The day he tried to kill me was the day I stopped seeing the world in color and started only seeing it in shades of black.

Rap. Rap. Rap.

“Come in,” I grumble, not bothering to open my eyes.

Heavy footsteps thud my way. Then, my visitor bounces on the bed beside me. As soon as I catch a whiff of his familiar cologne, I let out a breath of relief.

Zak Bell.

Best friend and sometimes fuck buddy.

His palm splays over my stomach. “You okay?”

“Perfect,” I lie. “What’s up?”

I can feel his intense stare boring into me, so I give in and open my eyes to look at him. Dark brown eyes peer back at me, his brow dipped with concern. Zak, with his All-American football hero good looks and build, is nice to look at, but when he’s peeling me apart and trying to see inside me, I’d rather not look at him at all.
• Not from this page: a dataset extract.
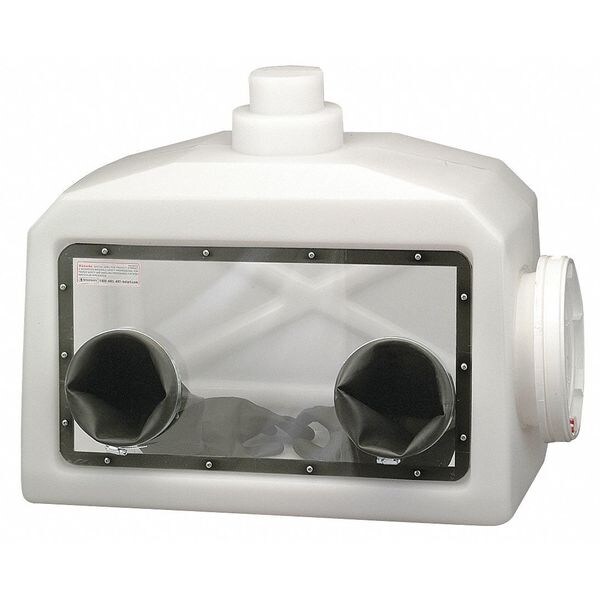Portable Glove Box, Number of Ports 2, Opening Size 8 in, Material Polyethylene, Length 13 in, Width 27 in, Height 22 in, Includes (1) Pair Of Gloves And (2) Clamping Rings

“Come on. Let’s meet up with Cormac. Go see a movie or something.”

“Not feeling it.”

I’ve barely closed my eyes when Zak thumps me on the nose. “Don’t ignore me, asswipe.”

“Fuck off.”

He sighs heavily. “Want me to blow you?”

Even though my cock stirs, I ignore it. Zak doesn’t just give a blowjob and move on. He insists on kissing, cuddling, and heartfelt talks after. It goes so beyond the friend zone he’s supposed to be in. If I’m not careful, his newly gay ass is going to fall in love with me. And, as much as I love him on a completely platonic level, I’m not in love with him. Not like that.
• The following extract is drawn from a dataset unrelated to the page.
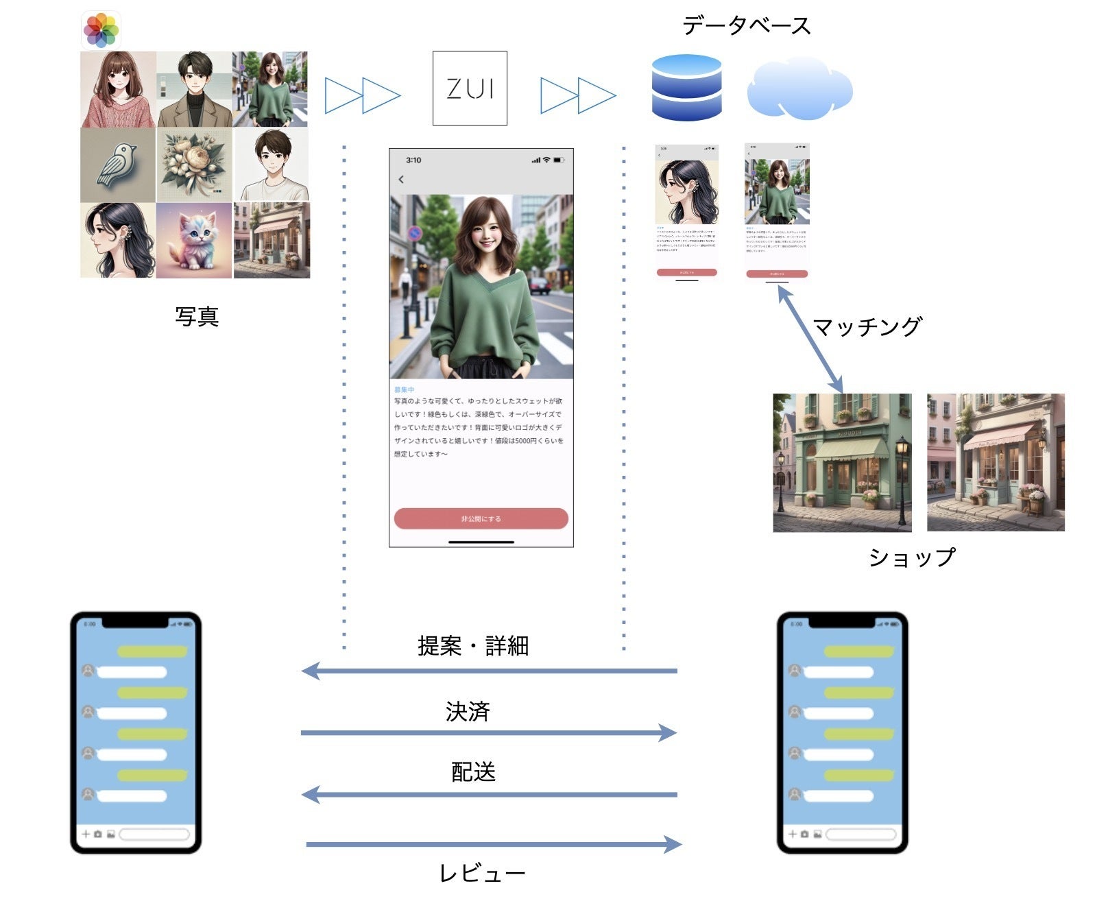 まず初めに本サービスの全体像を説明します。以下の図をご覧ください。ユーザーは自分の写真アプリやカメラ撮影した写真をZUIにアップロードします。その際に欲しい商品についての詳細な説明を記入し、データベースの方へ登録します。ショップ側はユーザーが投稿したオーダーの一覧を閲覧することができ、自身のショップが作成できる、もしくは取り扱いをしているような商品がございましたら、そのユーザーに対してアプローチをかけることができます。一般的なフリマはショップがデータベースに登録し、ユーザーが一覧を閲覧するので、全く逆向きのシステムであります。そして、ショップはユーザーとのトーク画面に遷移し、あらためて作成する商品の詳細の確認、値段の確認を行ったのちに決済をします。ユーザーは決済前までは、ショップに正式に依頼するかを決めることができ、あまりショップとのマッチが良くない場合は再募集をかけることができます。決済が完了後はショップは商品の作成や取り寄せを行い、配送手続きまで完了させます。決済の際に手数料10%をプラットフォームはいただき、そちらを本アプリでの収入源にしております。

I don’t think I’ll ever love anyone.

I’m broken.

“We could go to dinner with our brothers,” he suggests when I don’t bite at the blowjob offer. “They’re going to meet up with Brie at Comida’s.”

“You should go with them.”

He thumps me on the nose again. This time, I thump him back. His grin is antagonistic. I try to push him away, but since Zak is built like a freight train, he pins me on my bed, his leg settling between mine. The playfulness fades from his face as he drops a kiss to my lips.

Soft. Warm. Sweet.

I wish I could feel something for Zak. Burning need or desire. Anything. All I feel is friendly affection.

He rains worshipful kisses on my lips and chin. When I turn away, he isn’t deterred and trails his lips across my jaw to my neck. I feel his smile before he sucks on the skin there, no doubt leaving a mark on my fair skin.

“Asshole,” I complain.

He nips at the skin and then sits up to rip off his T-shirt. It’s no hardship looking at Zak’s naked upper body. My cock is a fan because he’s carved with hard muscles beneath tanned skin. I’m especially appreciative of the V muscles that direct your attention down to his impressive dick. I’ve licked his dark happy trail more times than I can count. Sucked his dick just as many.

God, why can’t I just love him the way he deserves?

He shoves my shirt up, exposing my chest that’s toned but in no way near as chiseled as his. The way he kisses my abs, though, you’d think I’m the most beautiful thing he’s ever laid eyes on. Guilt wriggles its way down my spine, killing my boner.

“I always know how to cheer you up,” he says, running his tongue around my belly button. “One of these days, you’ll let me fuck you. I bet that’d make you smile.”